You may want to customize the appearance of your blog and include some common blog features like RSS. The Pelican community already built a lot of themes and plugins. To build our blog with themes and plugins, we need to link the theme files and plugin files by specifying paths in pelicanconf.py. My solution here is to include theme and plugin code in the repository. This can be done by git submodule/subtree. I use a tool called peru to handle this. You can manage external repositories using a single YAML file. I'll include a theme repository and the official plugin repository here. I use Elegant as my blog theme, and I only pull code from the Elegant repository instead of the official theme repository to include less external code. You can read the following peru.yaml to see the usage. Also, I add peru sync to make html section in Makefile to ask Netlify to pull the latest code in the building process.

# peru.yaml
imports:
  elegant: blog-theme/elegant
  plugins: plugins

git module elegant:
  url: git://github.com/Pelican-Elegant/elegant

git module plugins:
  url: git://github.com/getpelican/pelican-plugins
  recursive: true
# Makefile
html:
    peru sync && $(PELICAN) $(INPUTDIR) -o $(OUTPUTDIR) -s $(CONFFILE) $(PELICANOPTS)

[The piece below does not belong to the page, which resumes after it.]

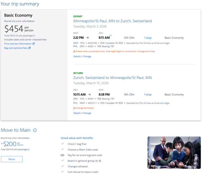• MSP – PHL (Philadelphia) – ZRH (Zurich)  – PHL – MSP

Then, we set up theme and plugin paths in pelicanconf.py.

# pelicanconf.py
...
root_path = pathlib.Path(__file__).parent

PLUGIN_PATHS = [str(root_path.joinpath('plugins'))]
THEME = str(root_path.joinpath('blog-theme/elegant/').absolute())
...

Before deploying to Netlify, I suggest you build the local site first to check. Please note that you must have at least one post in content folder to build the blog successfully. If you meet any problems here, please read the document of Pelican CLI tool. lt provides several useful options like --relative-urls or --autorealod to help users debug.

Netlify

Before setting up the Netlify project, we need to prepare two files in the project root folder for the Python environment:

  1. requirements.txt: for specifying Python dependencies. They are from Pelican and peru, and my requirements.txt is generated by pip freeze.
  2. runtime.txt: for specifying Python version. At the time of writing, the latest version Netlify supports is Python 3.7.
# requirements.txt
blinker==1.4
docopt==0.6.2
docutils==0.16
feedgenerator==1.9.1
Jinja2==2.11.2
Markdown==3.1.1
MarkupSafe==1.1.1
pelican==4.2.0
peru==1.2.0
Pygments==2.6.1
python-dateutil==2.8.1
pytz==2019.3
PyYAML==5.3.1
six==1.14.0
Unidecode==1.1.1
# runtime.txt
3.7

Then we can put all these files to a git repository on GitHub (or other git hosting services) and configure the Netlify project. I follow the guide here to set up the project using Netlify CLI.

# Install netlify cli
npm install netlify-cli -g
# Log in with Netlify. This command will open a browser
# and you need to grant access to Netlify CLI
netlify login
# Set up Netlify project
netlify init

netlify init will ask you to enter some configurations including which GitHub team to use, the site name, and the build command. We can input make html for the build command to utilize the Makefile we created in the previous section.

Extras

Custom domain: you can go to Settings → Domain Management on Netlify, and click Add domain alias to set up yours. The screenshot below is my current configuration.

Netlify-setting.png

Integrations with 3rd-party tools: for example, if you need Google Analytics, you can put your tracking ID to the GOOGLE_ANALYTICS variable in pelicanconf.py. Please read the official documentation for further details or have a look at the plugins if the Pelican doesn't support your needs natively.

All of these configurations files are put to this repository. Hopefully you can set up a new blog using Pelican and Netlify now. Feel free to let me know if you meet any problems!